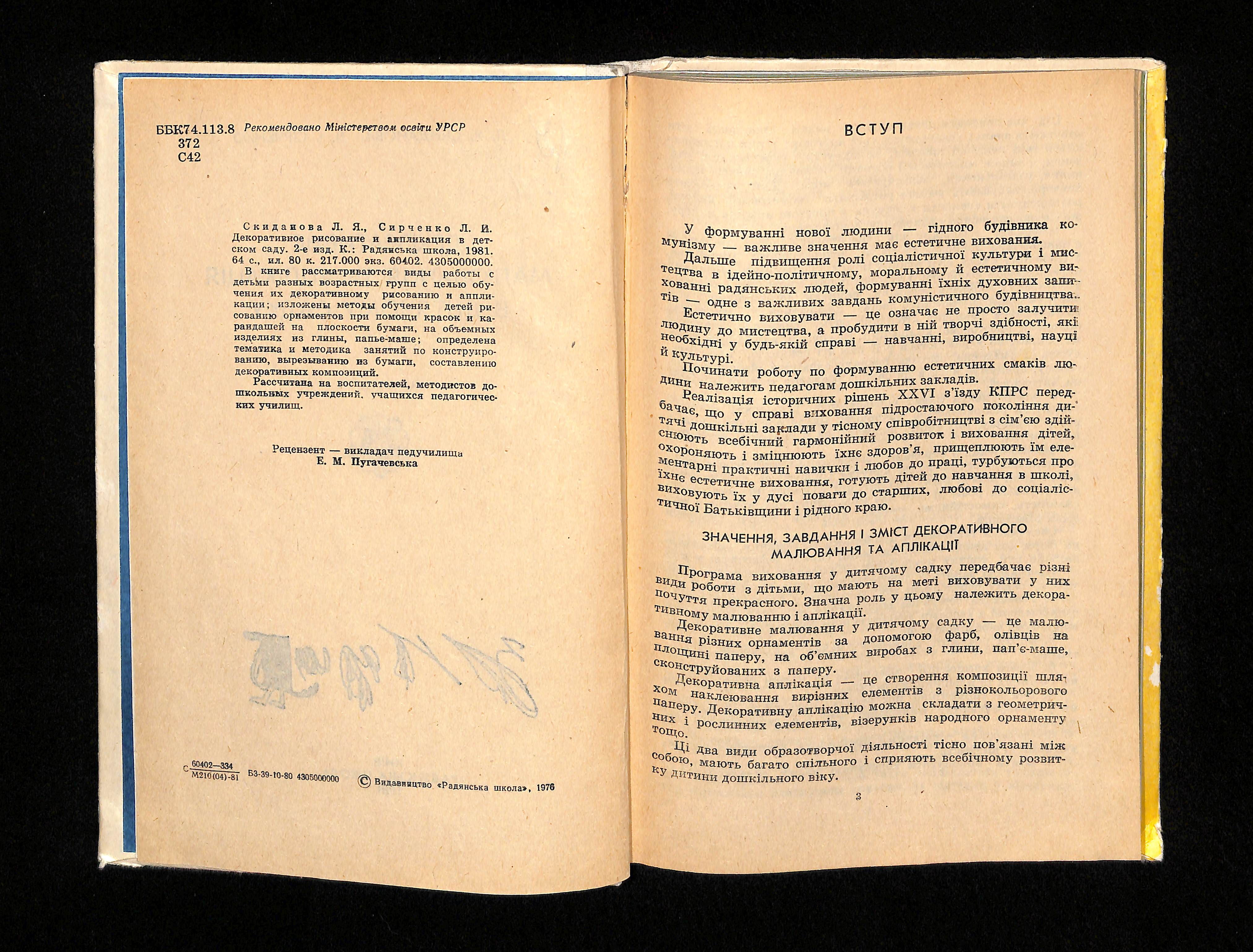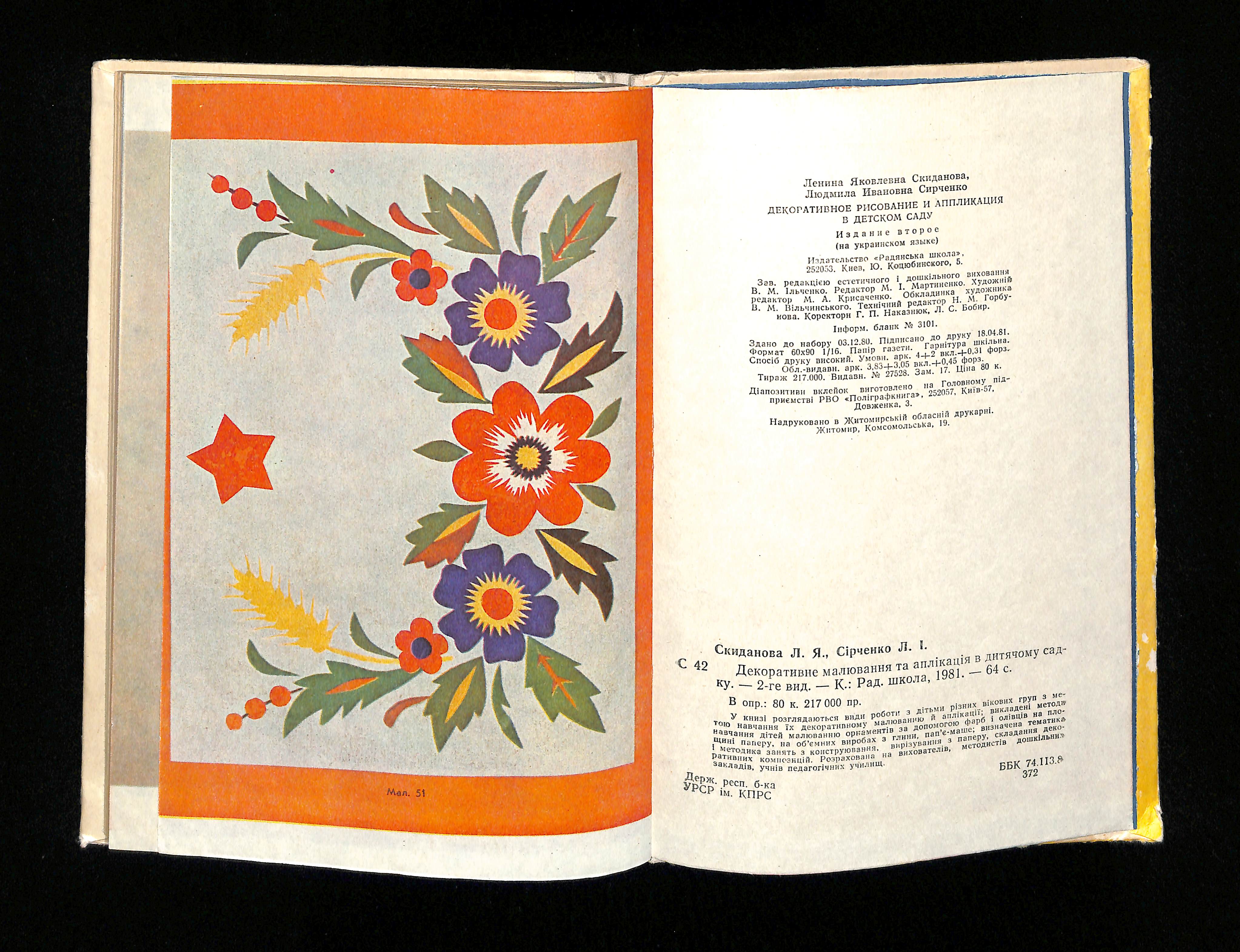 Л. Я. Скиданова, Л. І. Сірченко (1976). Декоративне малювання та аплікація в дитячому садку [Decorative Drawing and Application in Kindergarten]. USSR: Радянська школа.
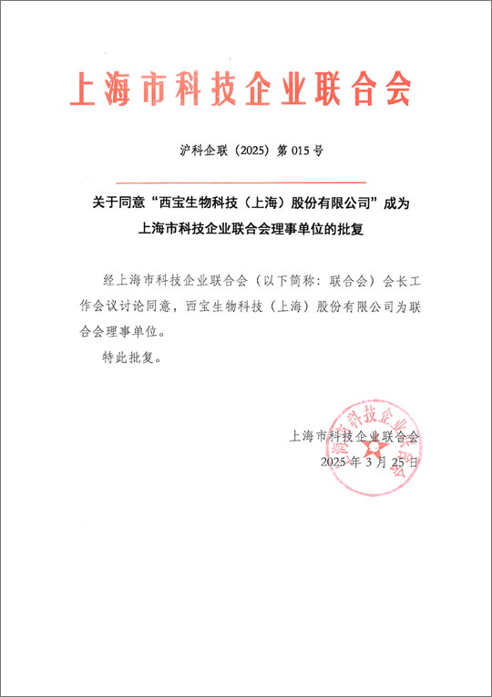 近日,西寶生物科技(上海)有限公司(以下簡稱“西寶生物”)喜訊連連。在上海市科學技術委員會的指導下,憑借持續(xù)創(chuàng)新能力,西寶生物順利通過國家高新技術企業(yè)重新認定,并正式成為上海市科技企業(yè)聯(lián)合會理事單位。兩項閃閃發(fā)光的成就展現(xiàn)了西寶生物在生物科技領域的創(chuàng)新實力與產(chǎn)業(yè)影響力,也為長三角生物經(jīng)濟創(chuàng)新生態(tài)建設注入了新活力。
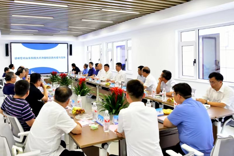梁赛江、郭加书介绍了济南校区“三大功能区”发展定位、办学特色、专业设置、科研成果等情况。梁赛江着重介绍了“嵙友”泉城会客厅的建设历程及平台功能。他表示,校友是学校发展重要的支撑力量,是学校宝贵的财富资源,济南校区将以“嵙友”泉城会客厅建设为桥梁纽带,进一步密切母校与校友之间的交流与合作,互相支持、共同发展,为建设“强新优富美高”新时代社会主义现代化强省会贡献力量。
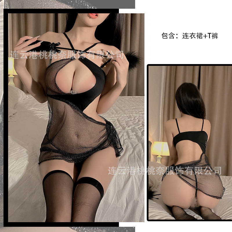 걸작 할로우 불규칙한 스타일 짧은 거즈 스커트 스타 라이트 빛나는 사이드 스트랩 관점 나이트 클럽 섹시 파자마 세트스토어 가기
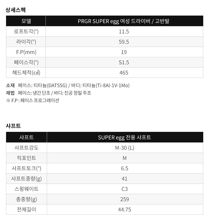 항목내용브랜드 PRGR (프로기아) 모델명 슈퍼에그 여성 드라이버 헤드 체적 485cc (SUPER EGG 485) 로프트 옵션 10.5도 / 11.5도 (L 샤프트 기준) 샤프트 옵션 SUPER EGG 전용 L 플렉스 (40g) 반발 성능 초고반발 (비공인 모델 포함) 출시년도 2024년형 (슈퍼에그 500 포함) 예상 가격대 약 1,750,000원 ~ 2,300,000원 (옵션별 상이)
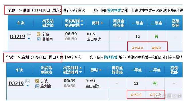 按照5.5折最低折扣,目前蘭州到西安的票價為174.5元,在最低價時,或將只需96元。然而,票價也并不是都處于降價趨勢,對于部分列車段而言,票價也出現(xiàn)了上升的情況。以寧波開往溫州的G2343次列車為例,11月30日,該車的商務座288元,一等座154元,二等座96元;而12月1日,該車的票價商務座、一等座、二等座分別上漲17元、9元和6元,票價出現(xiàn)了小幅上漲。

● ● ● ●

Pictures aside, return exactly the lines from the data above, starting at the line that has "걸작 할로우 불규칙한" and ending at the line that has "항목내용브랜드 PRGR (프로기아)", both included.

## Exercise output
 걸작 할로우 불규칙한 스타일 짧은 거즈 스커트 스타 라이트 빛나는 사이드 스트랩 관점 나이트 클럽 섹시 파자마 세트스토어 가기
 항목내용브랜드 PRGR (프로기아) 모델명 슈퍼에그 여성 드라이버 헤드 체적 485cc (SUPER EGG 485) 로프트 옵션 10.5도 / 11.5도 (L 샤프트 기준) 샤프트 옵션 SUPER EGG 전용 L 플렉스 (40g) 반발 성능 초고반발 (비공인 모델 포함) 출시년도 2024년형 (슈퍼에그 500 포함) 예상 가격대 약 1,750,000원 ~ 2,300,000원 (옵션별 상이)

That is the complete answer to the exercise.